Vulkan: has a closed source implementation inside AMDGPU-PRO that AMD has promised they'll opensource (but they're VERY LATE with the legal review necessary to release the code). Meanwhile a couple of opensource developpers have released RADV which works with most Vulkan games (including through Wine), but isn't complete (still misses tons of extensions that aren't widespread in game) and isn't very performant yet (well of course, it's a very recent addition) (AMD has considered putting priority to opensourcing of those bits of AMDGPU-PRO's Vulkan that could also help RADV developpers the most. But again, they're really behind with these opensourcing efforts.)
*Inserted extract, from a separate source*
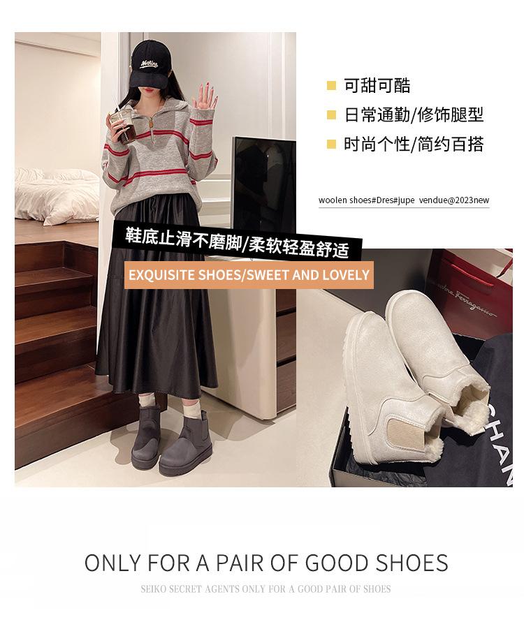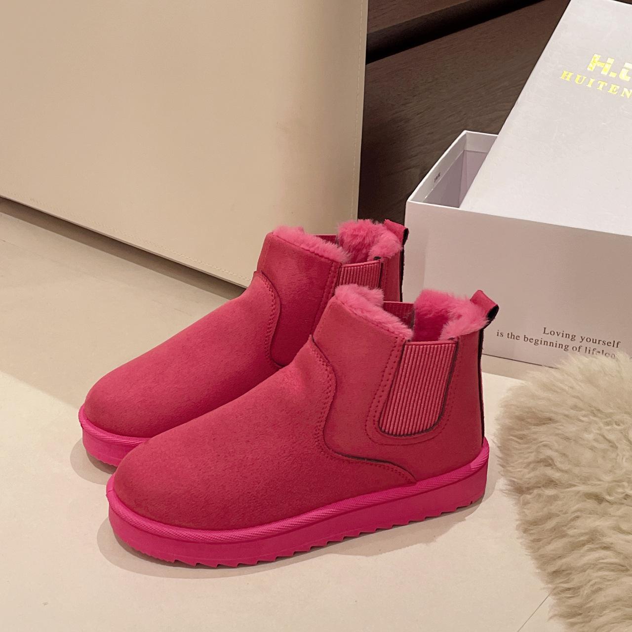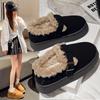 Botas de nieve de talla grande para mujer, otoño e invierno 2024, nuevas, con forro polar, moda gruesa, tubo corto, suela gruesa, un pedal, zapatos cálidos de algodón

** - AMD decided to go the other way around : they wrote an entirely new abstraction layer (called DAL / DC) to be both usable under Windows and Linux and for closed source and Mesa drivers.
Problem : that layer has been written by veteran *windows* developpers at AMD, not AMD's usual opensource inhouse crew.
And it shows.
It makes Linus' eyes bleed.
So currently it's not yet in vanilla kernel, it's still being reworked into something more acceptable.
Once it's done, the last few missing features (e.g.: HDMI, Freesync, etc.) should also work with maintstream kernel on Radeon GPUs.
"Sufficiently advanced satire is indistinguishable from reality." - [Tips: 1DrYakQDKCQ6y52z6QbnkxHXAocMZJE61o ]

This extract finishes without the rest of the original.